Zucchini-Pecan Flaxseed Bread

bread zucchini nuts on cutting board with title

Now would be a good time for global warming to make an appearance.  Enough already with the cold and snow!  I don’t know about you, but I’m so over the big pots of stew, and ready to hit the farmers’ market for lighter, fresher, warm-weather fare!

Right now, I’m planning a “turtleneck burning” party.

In the meantime though, my kitchen is still cranking out comfort food…
I was in the mood to switch up my breakfast routine this past weekend, and dug out a favorite quick-bread recipe.  Loaded with good stuff — whole wheat flour, flaxseed, low-fat yogurt and shredded zucchini — this bread is hearty and filling.  It makes great toast {more about how I feel about toast here}, and it’s perfect with that first {or second} cup of coffee!

The original recipe is from Cooking Light.  I’ve tweaked the ingredients a bit, but essentially it’s the same.  It’s an easy recipe to pull together — so I always make at least 2 loaves, since it freezes beautifully.

shredded zucchini


Zucchini-Pecan Flaxseed Bread
  • 1½ cups flour
  • 1 cup whole wheat flour
  • ¾ cup granulated sugar
  • ½ cup flaxseed ground
  • ¼ cup packed brown sugar
  • 1 tablespoon baking powder
  • 1 teaspoon ground cinnamon
  • ¾ teaspoon salt
  • ¼ teaspoon baking soda
  • ¼ teaspoon nutmeg
  • 2 cups shredded zucchini (about 2 medium zucchini)
  • 1 cup vanilla lowfat yogurt
  • ½ cup egg substitute
  • 3 tablespoons canola oil
  • 1 teaspoon vanilla extract
  • ¼ cup chopped pecans, toasted
  • cooking spray
  • 3 tablespoons chopped pecans, toasted
  1. Preheat oven to 350.
  2. Lightly spoon flours into dry measuring cups; level with a knife.
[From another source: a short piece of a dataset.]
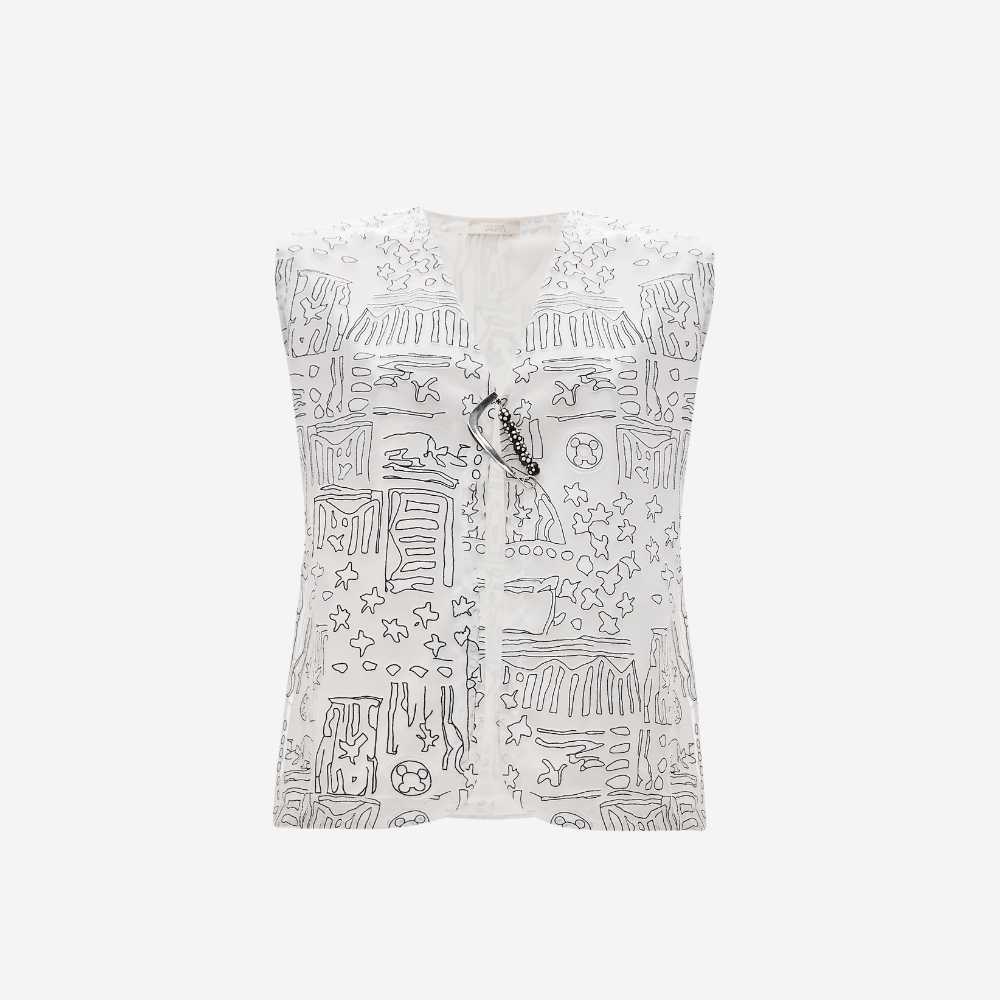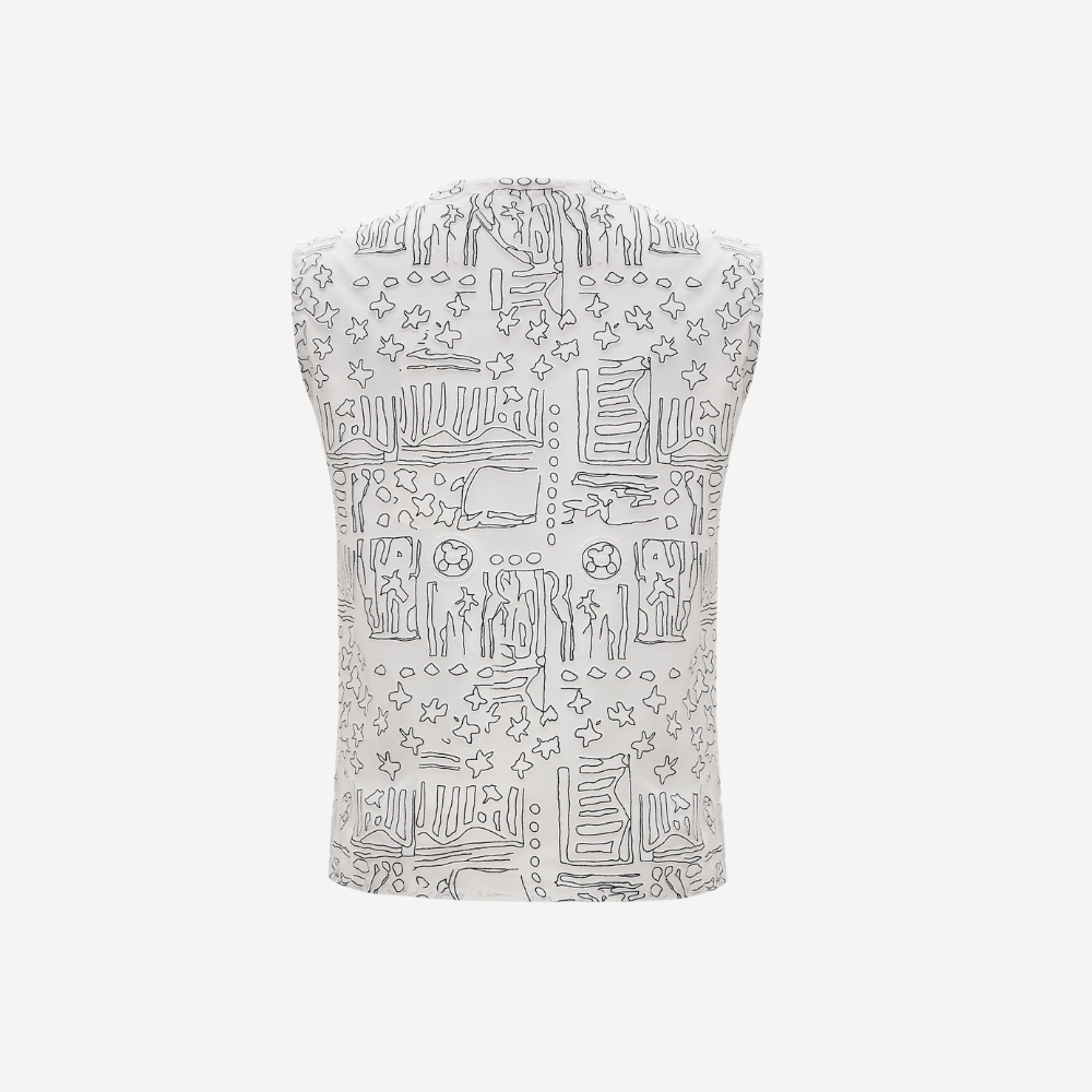 Modern ve özgün çizgileriyle öne çıkan Yeluna Yelek, rahat kalıbı,hafif yapısı ve astarlı tasarımıyla hem konfor hemde şıklığı bir arada sunuyor.Beyaz zemin üzerine el çizimi hissi veren soyut motifler, tasarıma sanatsal bir dokunuş katıyor.Ön kısmındaki metal detay,minimal ve zarif bir vurgu sağlıyor.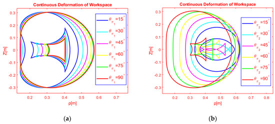 The two DH-parameters depend on the variation of the second passive joint angle as it is shown in Table 1. The variation of in . causes increasing variation for , decreasing and increasing for in , respectively. Consequently, the continuous change of the second pseudo-joint with m changes in a continuous manner the topology of the workspace as it is plotted in Figure 8b. The ratios of internal and external regions are varied, the number of cusp and node points is changing as well as the maximum reach of the end-effector of the mechanism is increasing. Moreover, it is also feasible to switch from generic to non-generic manipulators. Finally, the perpendicular distance from the first joint axes is decreased and as a result, the total workspace is placed closer to the local coordinate system of the base (see Figure 8b in horizontal axis ). Besides, the topological transition from cuspidal to regular anatomy is feasible only with the activation of angular rotation steps of .

Combine flours, granulated sugar, and next 7 ingredients (through nutmeg) in a large bowl, stirring well with a whisk.
  3. Spread zucchini onto several layers of heavy-duty paper towels; cover with additional paper towels. Press down firmly to remove excess liquid.
  4. Combine yogurt, egg substitute, oil, and vanilla in a medium bowl, stirring well with a whisk. Stir in zucchini.
  5. Add zucchini mixture and ¼ cup pecans to flour mixture, stirring until well combined.
  6. Pour batter into a 9 x 5-inch loaf pan coated with cooking spray. Sprinkle batter with 3 tablespoons pecans. Bake at 350¡ for 1 hour or until a wooden pick inserted in center comes out clean. Cool in pan 10 minutes on a wire rack. Remove bread from pan; place on wire rack to cool completely.